SimTurbo© Integration: Validating Algorithms in Real-Time

SimTurbo© enables powerful algorithm development utilizing our proprietary simulation platform designed specifically for gas turbine engine performance and control analysis. By integrating our custom control laws directly into this high-fidelity environment, we bridge the gap between theoretical design and physical reality.

How We Leverage SimTurbo© for Projects

• Closed-Loop Design & Analysis: We use SimTurbo’s graphical user interface to architect entire engine systems—including inlets, compressors, and nozzles—and then "drop in" our developed algorithms to test system response in real-time.

• Full Flight Envelope Testing: Algorithms are validated across a complete flight envelope, from idle to maximum power, ensuring that transient dynamics and thermodynamic constraints (like surge margins and turbine temperatures) are always respected.

• Virtual Prototyping: Instead of costly physical trials, we use SimTurbo© to visualize key data such as fuel consumption, pressure ratios, and efficiency. This allows us to refine Control System Designs before they ever reach a test cell.

• Seamless Hardware Migration: Because SimTurbo© models internal engine dynamics with high resolution, the transition from software simulation to Hardware-in-the-Loop (HIL) testing is streamlined, reducing integration errors on your production ECUs.
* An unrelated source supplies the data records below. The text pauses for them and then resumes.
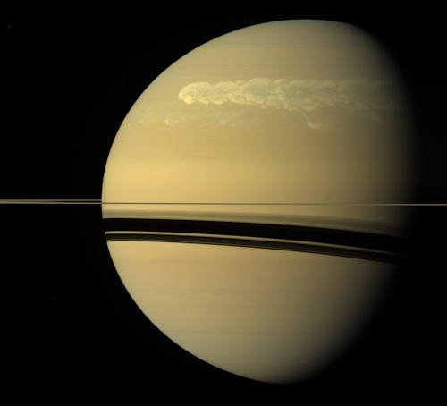 O planeta Saturno e a sua tempestade vistos pela Cassini a uma distância aproximada de 2,164 milhões de quilómetros. Composição em cores naturais obtida pela combinação de 3 imagens captadas a 25 de Fevereiro de 2011 pela câmara de grande angular, através de filtros para o vermelho (648 nm), o verde (567 nm) e o azul (460 nm).
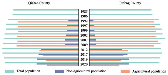 Population structure of Qishan and Fufeng counties from 1985 to 2020.
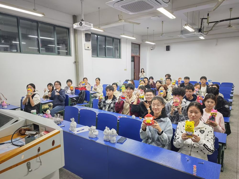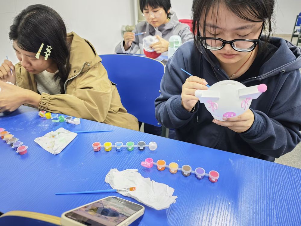 原本洁白朴素的石膏胚体,在同学们的巧手下逐渐变得鲜活灵动:呆萌的兔子带着手绘腮红,酷飒的机器人点缀荧光色块,每一件作品都彰显着大学生的独特想象力。创作过程中,同学们相互交流技巧、分享灵感,教室中不时响起欢声笑语,氛围轻松而热烈。

Afterburner Engagement & Transient Dynamics (Example)

Managing an afterburner (reheat) transient is one of the most significant challenges in propulsion control. A rapid increase in fuel flow to the exhaust section causes a sudden rise in back-pressure, which can propagate upstream and cause a catastrophic compressor stall or surge if not precisely managed.

At Controls Research LLC, we use SimTurbo© to model these complex aero-thermodynamic interactions with high fidelity.

1. Integrated Nozzle & Fuel Control

In a real-world "throttle burst," the engine doesn't just add fuel; it must simultaneously adjust the Variable Area Nozzle.

• The SimTurbo© Advantage: Our platform models the simultaneous scheduling of nozzle area expansion and afterburner fuel flow. This ensures the turbine exit pressure remains stable even as the exhaust gas temperature (EGT) skyrockets to 1,700°C+.

2. Transient Limit Logic

To protect the engine, our algorithms include Transient Limit Logic designed to maximize responsiveness without sacrificing the surge margin.

• Dynamic Response: SimTurbo© captures "shaft, thermal, and volume" transients. It predicts how the sudden mass flow change in the augmentor affects the high-pressure compressor (HPC), allowing us to tune acceleration schedules that prevent rotating stalls.

3. Real-Time Performance Metrics

During an afterburner simulation in SimTurbo©, we provide live visualization of:

• Thrust Augmentation: Calculating the jump from "Military Power" to "Maximum Afterburner" (often a 50% increase in thrust).

• Fuel Consumption: Modeling the sharp rise in Specific Fuel Consumption (SFC) during the transient.

• Pressure Ratios: Monitoring the inter-component pressure shifts to ensure the combustor burner and afterburner don't "fight" for oxygen.